Cause: WLP 9.2 currently supports WSRP 1.0, which does not have many necessary features to properly propagate instance level information. WSRP 2.0 has been ratified, and contains the necessary features. Improved propagation support will be included in a future release of WLP along with WSRP 2.0. The documentation will continue to be enhanced to reflect the current status and more details of what exactly is propagated.

Solution:  Support for WSRP 2.0 will make improvements possible.

 

Windows Operating System

 

 

Problem uploading an inventory to a Windows server

Reference: CR266997

Status: Product bug.

Symptom: Invoking the onlineUpload task (or Eclipse Export) on a WLP application will cause errors to appear on the console like:

<Error> <InventoryServices> <000000> <Could not delete file

[filepath]\content_0.zip.>

 

Cause: a bug causes a certain number of file descriptors to be left open in certain cases.

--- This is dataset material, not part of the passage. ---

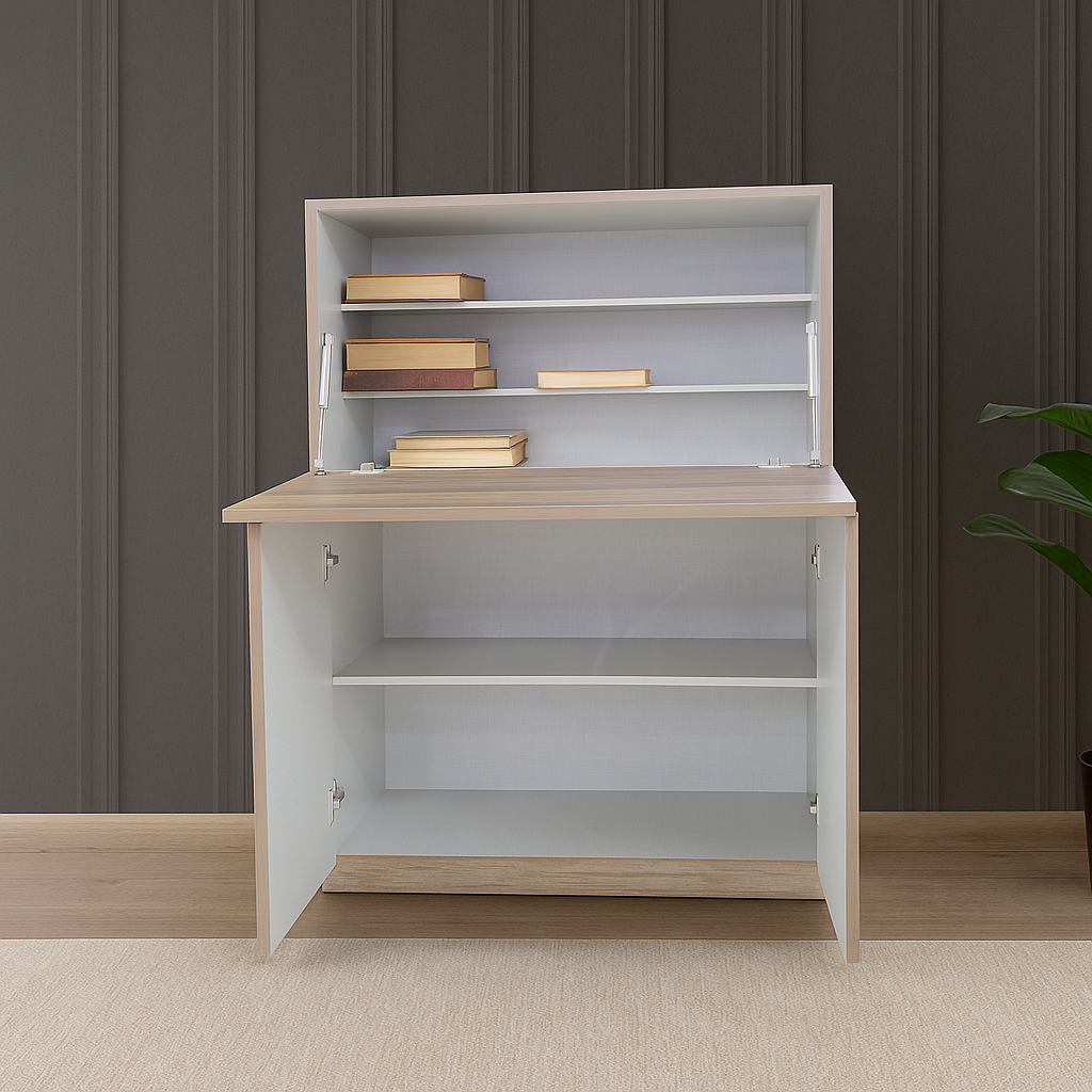 Crafted in earthy tones with an 18mm plywood frame, The Terra WorkPod doubles as a study table and a sleek storage solution. Its matt finish mica exterior gives it a modern yet warm feel, making it ideal for home offices, bedrooms, or creative corners. Function meets form in this minimalist essential.

Workaround:  Restart the affected Managed Server.

 

 

Infinite loop during Propagation download on Windows

Reference: CR298133

Status: Product bug.

Symptom: Invoking the onlineDownload task (or Eclipse Import) on a WLP application will cause the propagation servlet to enter an infinite loop on the method WinNTFileSystem.getBooleanAttributes (). This can be seen by taking a thread dump of the application server.

Cause: This is a product bug and should be a rare problem. The Propagation Tool is trying to find an available filename for a configuration artifact in the inventory, using the name of the artifact as the base filename. Due to an issue with Windows file systems, it will never find an available name and loop indefinitely. There are a set of special filename patterns (called phantom files) that can never be used because they map to logical device names. Windows will say they already exist (case insensitive):
·        CON.*
·        NUL.*
·        LPT1.*, LPT2.*, LPT3.*
·        COM1.*, COM2.*, COM3.*, COM4.*
·        AUX.*
·        PRN.*

If any inventory artifact name matches any of these phantom filename patterns, the infinite loop will occur on a Windows machine. For example, creating a desktop with desktop path con.dor will result in the Propagation Tool trying to create a file called con.dor.dti, which will fail. It will then try con.dor1.dti, con.dor2.dti, and so on without succeeding.

Workaround:  Avoid using these naming patterns in Windows environments.

 

 

Eclipse User Interface

 

Importing large inventories with Eclipse Prop Tool causes SocketException

Reference: CR297423

Status: Under observation.

Symptom: Invoking Import Inventory from Server from the Eclipse UI will result in a delay, and then the propagation fails. A SocketException: Broken pipe is the listed cause.

Cause: This problem has not been reproduced within BEA. It may relate to the size of the inventory or network connection issues. One customer found this to be caused by an intervening proxy server that was timing out the network connection.